Coco Gauff poses with the trophy after defeating Aryna Sabalenka to...

Coco Gauff poses with the trophy after defeating Aryna Sabalenka to win her first Grand Slam title in the U.S. Open women’s singles final at Arthur Ashe Stadium at the USTA Billie Jean King National Tennis Center on Saturday. Credit: Newsday/J. Conrad Williams Jr.

There’s a question people ask when a young athlete ascends to a sport’s grandest stage: Can she be as good as imagined, as good as promised? Can reality meet expectation when the expectations are so impossibly high?

For one set Saturday afternoon, there was doubt.

Coco Gauff, long heralded as the future of the women’s game, was off-kilter and, for the first time this U.S. Open, the American teenager looked her age. Second-seeded Aryna Sabalenka dominated with power and maturity, and it felt as if Gauff, in only the second Grand Slam final of her career, had strapped on some wings and flown too close to the sun.

Little did everyone know, Gauff was made of fire.

In a stirring, gritty, astonishingly athletic display, Gauff came back to take the final two sets, defeating Sabalenka, 2-6, 6-3, 6-2, to capture the women’s final at Arthur Ashe Stadium and win her first career Grand Slam title.

At 19, she is the youngest American woman to win it since Serena Williams took home the title in 1999 at 17. It’s only the second time in 29 U.S. Open women’s finals that a player has lost the first set and come back to prevail. She’s won 18 of her last 19 matches.

“Thank you to the people who didn’t believe in me,” she said on court. “To those who thought you were putting water on my fire, you were putting gas on it. I’m burning so bright right now.”

Then again, during her post-match news conference: “I’m very stubborn . . . So I really told myself, literally up until, like, 10 minutes before the match, I was just reading comments of people saying I wasn’t going to win today.”

So she simply did the opposite.

Gauff’s game seemed to mature and refine as the match went on, and the adoring crowd did its best to propel her when things looked bleak.

Gauff dropped the last three games of the first set, Sabalenka’s set point coming off Gauff’s unforced error on the forehand side.

Gauff refused to let the moment become too big for her, though, and relied on steely defense to unsettle Sabalenka. Gauff won the first four games of the third set, often outmaneuvering her opponent, eventually sealing it after Sabalenka committed three unforced errors on the way to love-40 in the final game.

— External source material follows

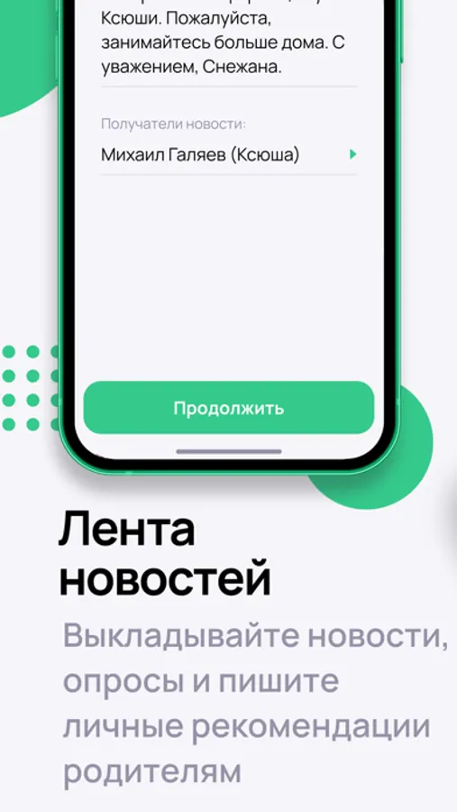 - Новостная лента с персональными рекомендациями от воспитателей.

Then, finally, came a running backhanded passing shot down the baseline that Sabalenka couldn’t handle for the win. Gauff collapsed to the court weeping as chaos erupted at Ashe.

“In the first set I was dealing with my emotions quite good,” Sabalenka said. “I was focused on myself, not on the crowd or the way she moves . . . But then the second set I started probably overthinking, and because of that, I started losing my power.”

Sabalenka committed 46 unforced errors, 27 on the forehand, and Gauff won five of nine break points.

Sabalenka’s consolation? On Monday, she’ll be ranked No. 1 in the world.

“Today was the first time I’ve ever seen my dad cry. He doesn’t want me to tell you that,” said Gauff, who immediately ran into the stands to hug her parents.

She talked about the pressure she felt when she burst onto the stage at 15, and how it sometimes sapped the joy of living the dream. Losing at Wimbledon in the first round in June, she said, dimmed it more.

That’s over.

“I just realize that I just need to go out there and try my best,” Gauff said. “I remember I lost when I was 17 and there was a stat, they were like, ‘Oh, she’s not going to win a Slam before Serena’s age.’ It was stuff like that that I felt like I had a time limit on when I should win one, and if I won one after a certain age, it wouldn’t be an achievement.”

Gauff said that as the trophy sat on the table in front of her. She may be older than Williams was when she won her first, but their names will be etched together all the same.